_GIVEN RECORDS_:
####################

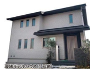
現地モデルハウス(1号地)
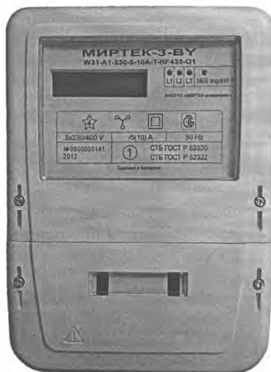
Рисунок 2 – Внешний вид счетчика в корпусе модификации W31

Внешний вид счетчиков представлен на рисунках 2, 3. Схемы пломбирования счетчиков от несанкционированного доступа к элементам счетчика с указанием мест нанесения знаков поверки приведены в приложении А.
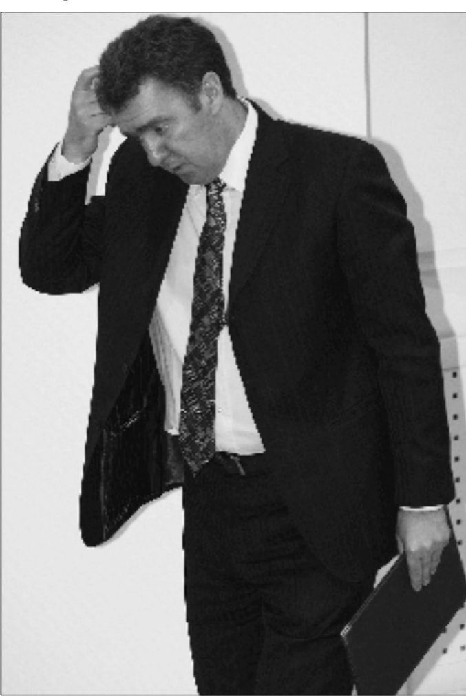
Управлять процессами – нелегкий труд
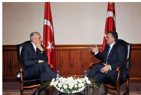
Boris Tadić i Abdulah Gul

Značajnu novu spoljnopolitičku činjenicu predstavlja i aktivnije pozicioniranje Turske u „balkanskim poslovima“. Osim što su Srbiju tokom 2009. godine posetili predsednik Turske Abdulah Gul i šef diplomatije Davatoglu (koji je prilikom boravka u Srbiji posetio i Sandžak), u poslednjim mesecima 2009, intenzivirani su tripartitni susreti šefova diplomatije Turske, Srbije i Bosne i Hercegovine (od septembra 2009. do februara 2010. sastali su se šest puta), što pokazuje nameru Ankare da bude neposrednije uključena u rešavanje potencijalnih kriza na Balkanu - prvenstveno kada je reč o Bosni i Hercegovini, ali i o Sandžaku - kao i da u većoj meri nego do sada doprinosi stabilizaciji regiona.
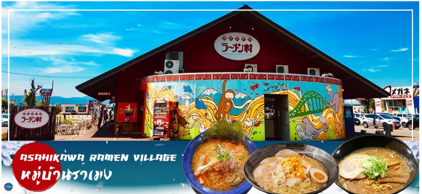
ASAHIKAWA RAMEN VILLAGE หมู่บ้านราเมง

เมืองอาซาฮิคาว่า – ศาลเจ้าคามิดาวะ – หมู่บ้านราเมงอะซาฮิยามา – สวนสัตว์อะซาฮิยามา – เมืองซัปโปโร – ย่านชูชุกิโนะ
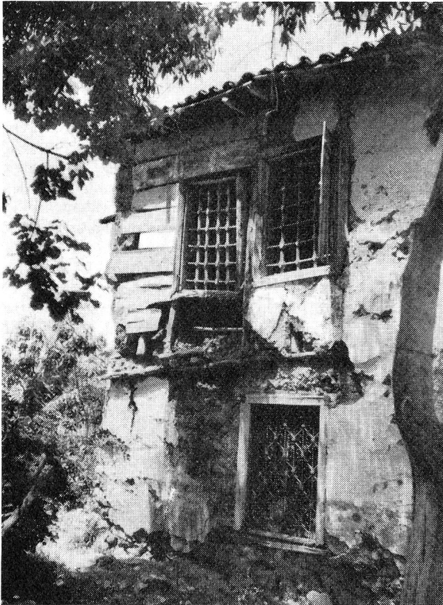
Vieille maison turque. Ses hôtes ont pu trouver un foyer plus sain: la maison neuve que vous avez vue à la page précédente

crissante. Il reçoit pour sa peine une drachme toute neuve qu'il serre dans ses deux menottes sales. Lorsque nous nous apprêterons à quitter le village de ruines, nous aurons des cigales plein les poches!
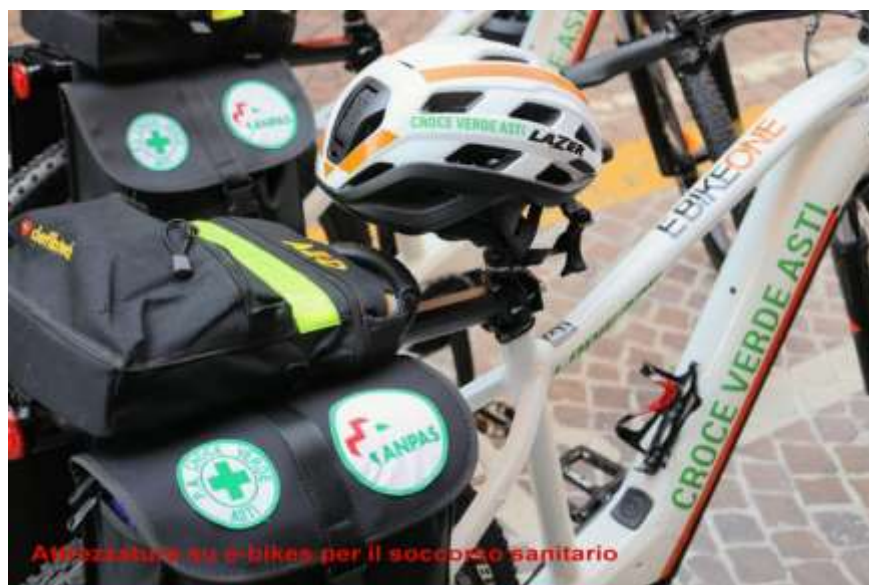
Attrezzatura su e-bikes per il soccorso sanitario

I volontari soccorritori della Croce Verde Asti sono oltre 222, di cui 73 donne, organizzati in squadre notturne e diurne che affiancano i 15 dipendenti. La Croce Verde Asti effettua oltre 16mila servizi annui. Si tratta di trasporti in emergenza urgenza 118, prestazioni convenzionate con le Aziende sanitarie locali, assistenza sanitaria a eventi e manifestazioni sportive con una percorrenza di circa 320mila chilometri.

####################

Please set down the records above verbatim, with each picture left out.

現地モデルハウス(1号地)
Рисунок 2 – Внешний вид счетчика в корпусе модификации W31

Внешний вид счетчиков представлен на рисунках 2, 3. Схемы пломбирования счетчиков от несанкционированного доступа к элементам счетчика с указанием мест нанесения знаков поверки приведены в приложении А.
Управлять процессами – нелегкий труд
Boris Tadić i Abdulah Gul

Značajnu novu spoljnopolitičku činjenicu predstavlja i aktivnije pozicioniranje Turske u „balkanskim poslovima“. Osim što su Srbiju tokom 2009. godine posetili predsednik Turske Abdulah Gul i šef diplomatije Davatoglu (koji je prilikom boravka u Srbiji posetio i Sandžak), u poslednjim mesecima 2009, intenzivirani su tripartitni susreti šefova diplomatije Turske, Srbije i Bosne i Hercegovine (od septembra 2009. do februara 2010. sastali su se šest puta), što pokazuje nameru Ankare da bude neposrednije uključena u rešavanje potencijalnih kriza na Balkanu - prvenstveno kada je reč o Bosni i Hercegovini, ali i o Sandžaku - kao i da u većoj meri nego do sada doprinosi stabilizaciji regiona.
ASAHIKAWA RAMEN VILLAGE หมู่บ้านราเมง

เมืองอาซาฮิคาว่า – ศาลเจ้าคามิดาวะ – หมู่บ้านราเมงอะซาฮิยามา – สวนสัตว์อะซาฮิยามา – เมืองซัปโปโร – ย่านชูชุกิโนะ
Vieille maison turque. Ses hôtes ont pu trouver un foyer plus sain: la maison neuve que vous avez vue à la page précédente

crissante. Il reçoit pour sa peine une drachme toute neuve qu'il serre dans ses deux menottes sales. Lorsque nous nous apprêterons à quitter le village de ruines, nous aurons des cigales plein les poches!
Attrezzatura su e-bikes per il soccorso sanitario

I volontari soccorritori della Croce Verde Asti sono oltre 222, di cui 73 donne, organizzati in squadre notturne e diurne che affiancano i 15 dipendenti. La Croce Verde Asti effettua oltre 16mila servizi annui. Si tratta di trasporti in emergenza urgenza 118, prestazioni convenzionate con le Aziende sanitarie locali, assistenza sanitaria a eventi e manifestazioni sportive con una percorrenza di circa 320mila chilometri.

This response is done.